● WHAT TO DO: From the entries below, retype only the lines from the one with "P.204/211 x H.113 cm" through the one with "剛剛在台北,我體驗了當地著名", exactly as written.

● LISTED ENTRIES:
---------------

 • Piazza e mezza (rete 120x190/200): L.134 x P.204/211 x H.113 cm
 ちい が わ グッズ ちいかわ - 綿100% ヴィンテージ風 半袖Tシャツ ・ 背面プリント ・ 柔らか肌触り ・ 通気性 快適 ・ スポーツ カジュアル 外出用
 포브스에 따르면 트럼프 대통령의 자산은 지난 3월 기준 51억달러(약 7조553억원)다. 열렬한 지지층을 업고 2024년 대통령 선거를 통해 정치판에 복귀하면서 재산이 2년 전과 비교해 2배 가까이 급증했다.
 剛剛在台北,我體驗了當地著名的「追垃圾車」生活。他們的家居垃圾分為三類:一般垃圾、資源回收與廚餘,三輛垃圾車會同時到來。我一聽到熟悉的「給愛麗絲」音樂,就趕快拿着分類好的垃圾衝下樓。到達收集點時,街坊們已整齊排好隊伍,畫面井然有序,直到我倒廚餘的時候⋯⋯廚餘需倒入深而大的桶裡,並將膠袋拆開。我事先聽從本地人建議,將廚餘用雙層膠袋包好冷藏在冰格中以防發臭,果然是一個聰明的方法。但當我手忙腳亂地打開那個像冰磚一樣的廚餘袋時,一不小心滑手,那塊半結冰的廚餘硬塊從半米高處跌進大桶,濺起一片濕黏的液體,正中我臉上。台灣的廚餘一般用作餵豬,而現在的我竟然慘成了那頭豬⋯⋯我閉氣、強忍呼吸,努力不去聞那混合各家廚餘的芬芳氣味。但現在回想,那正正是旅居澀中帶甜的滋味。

---------------

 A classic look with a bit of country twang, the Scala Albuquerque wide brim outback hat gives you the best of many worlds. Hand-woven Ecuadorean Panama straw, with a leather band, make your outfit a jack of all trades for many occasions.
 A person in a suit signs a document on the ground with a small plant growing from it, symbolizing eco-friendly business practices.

---------------

● WRITTEN SOLUTION:
 • Piazza e mezza (rete 120x190/200): L.134 x P.204/211 x H.113 cm
 ちい が わ グッズ ちいかわ - 綿100% ヴィンテージ風 半袖Tシャツ ・ 背面プリント ・ 柔らか肌触り ・ 通気性 快適 ・ スポーツ カジュアル 外出用
 포브스에 따르면 트럼프 대통령의 자산은 지난 3월 기준 51억달러(약 7조553억원)다. 열렬한 지지층을 업고 2024년 대통령 선거를 통해 정치판에 복귀하면서 재산이 2년 전과 비교해 2배 가까이 급증했다.
 剛剛在台北,我體驗了當地著名的「追垃圾車」生活。他們的家居垃圾分為三類:一般垃圾、資源回收與廚餘,三輛垃圾車會同時到來。我一聽到熟悉的「給愛麗絲」音樂,就趕快拿着分類好的垃圾衝下樓。到達收集點時,街坊們已整齊排好隊伍,畫面井然有序,直到我倒廚餘的時候⋯⋯廚餘需倒入深而大的桶裡,並將膠袋拆開。我事先聽從本地人建議,將廚餘用雙層膠袋包好冷藏在冰格中以防發臭,果然是一個聰明的方法。但當我手忙腳亂地打開那個像冰磚一樣的廚餘袋時,一不小心滑手,那塊半結冰的廚餘硬塊從半米高處跌進大桶,濺起一片濕黏的液體,正中我臉上。台灣的廚餘一般用作餵豬,而現在的我竟然慘成了那頭豬⋯⋯我閉氣、強忍呼吸,努力不去聞那混合各家廚餘的芬芳氣味。但現在回想,那正正是旅居澀中帶甜的滋味。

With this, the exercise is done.